Showing posts with label William P. McGivern. Show all posts
Showing posts with label William P. McGivern. Show all posts

Friday, July 21, 2017

FFB: Heist Week: ODDS AGAINST TOMORROW by William P. McGivern (Dodd, Mead 1957); YA birthday bonus heistlet: FROM THE MIXED UP FILES OF MRS BASIL E. FRANKWEILER by E. L. Konigsburg (Antheneum 1967)

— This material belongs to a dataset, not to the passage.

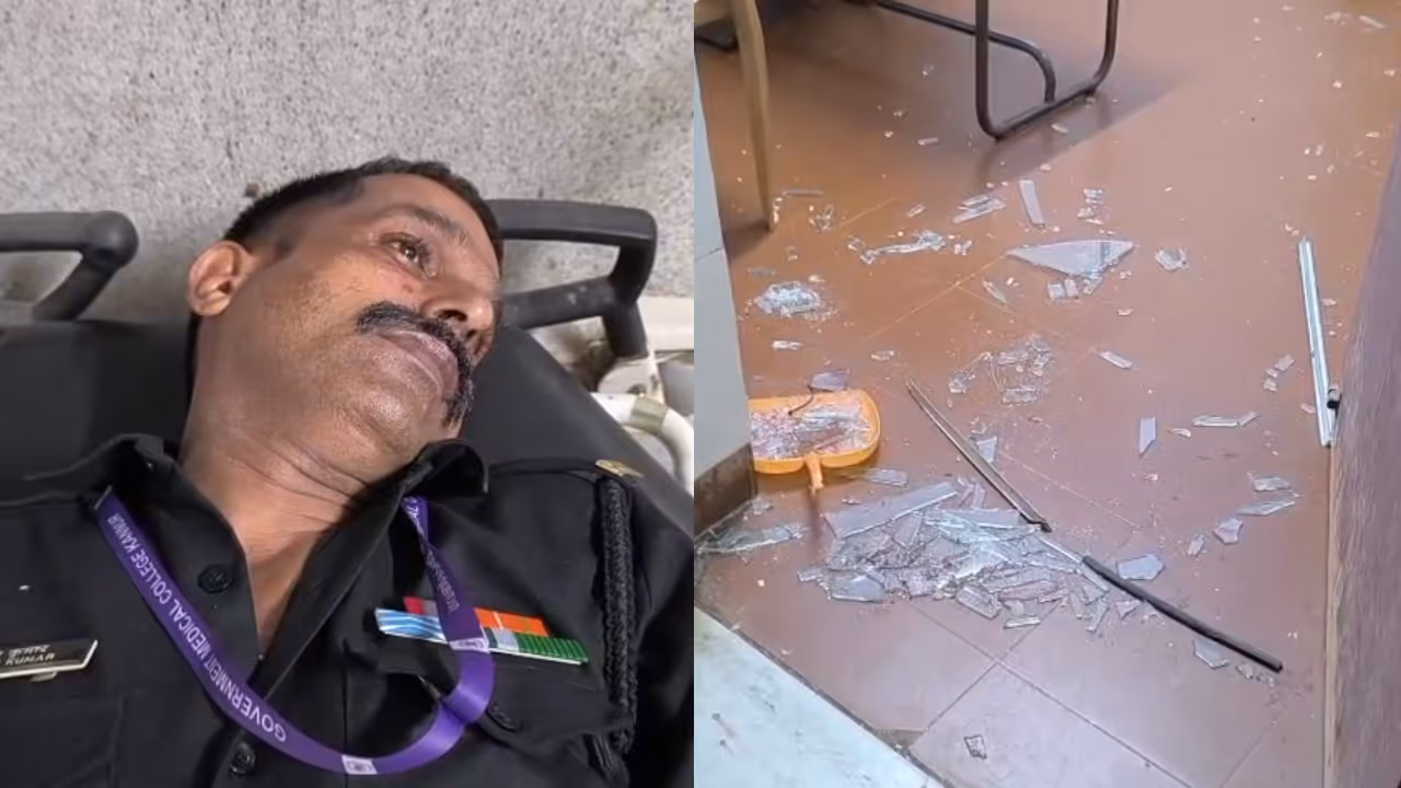 സെക്യൂരിറ്റി ജീവനക്കാരൻ കജേഷ് കുമാറിനെ സംഘം വളഞ്ഞിട്ട് മർദിച്ചു. മർദ്ദനത്തിന് പിന്നാലെ മെഡിക്കൽ കോളേജ് വളപ്പിലെ പോലീസ് ഔട്ട്പോസ്റ്റിന്റെ വാതിലുകളും അടിച്ചുതകർത്തു. ആക്രമണവുമായി ബന്ധപ്പെട്ട് രണ്ട് യുവാക്കളെ പൊലീസ് കസ്റ്റഡിയിലെടുത്തു. മുടിക്കാനം സ്വദേശികളായ ഷിൻ്റോ ബേബി തോമസ്, സാം ഉലഹന്നാൻ എന്നിവരാണ് പിടിയിലായത്. സംഘത്തിലുണ്ടായിരുന്ന മറ്റ് രണ്ടുപേർക്കായി പൊലീസ് തിരച്ചിൽ തുടങ്ങി. മർദനമേറ്റ കുഞ്ഞിമംഗലം സ്വദേശി കജേഷ് കുമാർ ചികിത്സ തേടി.

William P. McGivern is a writer who shouldn't need rediscovery, but he consistently is being reintroduced, as publishers keep proudly offering his work (with good reason) with notes of just how good he was (with good reason) and yet you probably don't know him except indirectly, as the source of one or another brilliant film or television episode. Despite having written a number of other well-received novels, including her first, published as was From the Mixed Up Files  in 1967 and a runner up for the 1968 Newbery that Frankweiler won, E. L. Konigsburg is remembered almost exclusive for this one novel, which (with good reason) has stayed in print consistently since 1967, even if the film adaptation, The Hideaways, a Rather Good Try starring Ingrid Bergman as Frankweiler, fizzled as a commercial property and was pulled down from YouTube not long ago mostly so Warner's burn on demand Archive label would have a clearer field in which to sell it to you. It's the 60th anniversary year for the McGivern novel  the 50th for the Konigsburg.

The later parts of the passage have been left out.